- [Task directions] Set down nothing but the lines from the one containing "Chancellor Philip L." to the final line of the material, exactly as written, and drop the pictures.

- [Records shown]
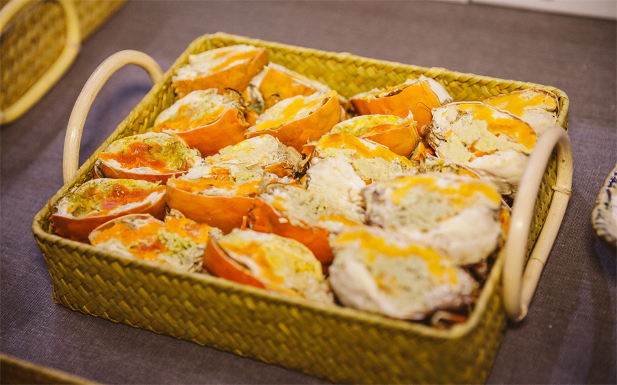 Traveling south from Haikou to Wanning, a journey of one to two hours by train, seafood enthusiasts can savor steamed Hele crab, a specialty from Wanning's coastal Hele town. These lightly steamed crabs are accompanied by a ginger-vinegar dipping sauce that accentuates the natural sweetness of the crab meat.
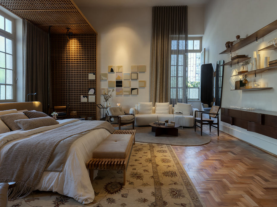 Ao mesclar peças de diferentes épocas e estilos, é possível valorizar tanto a história dos clássicos do design quanto a inovação presente nas criações contemporâneas, acrescentando personalidade ao ambiente. O espaço foi pensado para ir além do descanso, contando também com um ambiente de estar e home office para atender às necessidades do dia a dia, mantendo sempre a atmosfera aconchegante e confortável para todos os usos. Os tons neutros e texturas serão incorporados nos tecidos, tapetes, e as obras instaladas em todas as faces do ambiente trazem vida e dialogam com o mobiliário, criando a sintonia perfeita entre as artes.
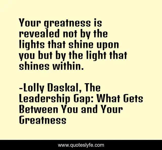 "Lolly Daskal, The Leadership Gap: What Gets Between You and Your Greatness Quotes." Quoteslyfe.com, 2025. Sat. 06 Dec. 2025. <https://www.quoteslyfe.com/quote/Your-greatness-is-revealed-not-by-the-22524>.
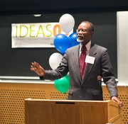 Chancellor Philip L. Clay PhD ’75 presents a $2,500 prize to Aquaport at the awards ceremony for the 2009 MIT IDEAS Competition on Monday evening in 32-123. The Aquaport team developed an affordable water transportation device for women in rural Ghana.
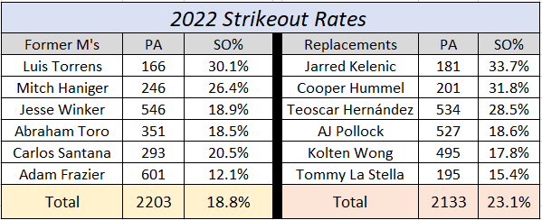 Perhaps a visual will help demonstrate why offseason roster churn made a climb in strikeouts inevitable. The following compares the 2022 strikeout rates of six former Mariners to their replacements and Kelenic. The table’s bottom line foreshadowed a rise in whiffs.

- [Solution to the problem]
 Chancellor Philip L. Clay PhD ’75 presents a $2,500 prize to Aquaport at the awards ceremony for the 2009 MIT IDEAS Competition on Monday evening in 32-123. The Aquaport team developed an affordable water transportation device for women in rural Ghana.
 Perhaps a visual will help demonstrate why offseason roster churn made a climb in strikeouts inevitable. The following compares the 2022 strikeout rates of six former Mariners to their replacements and Kelenic. The table’s bottom line foreshadowed a rise in whiffs.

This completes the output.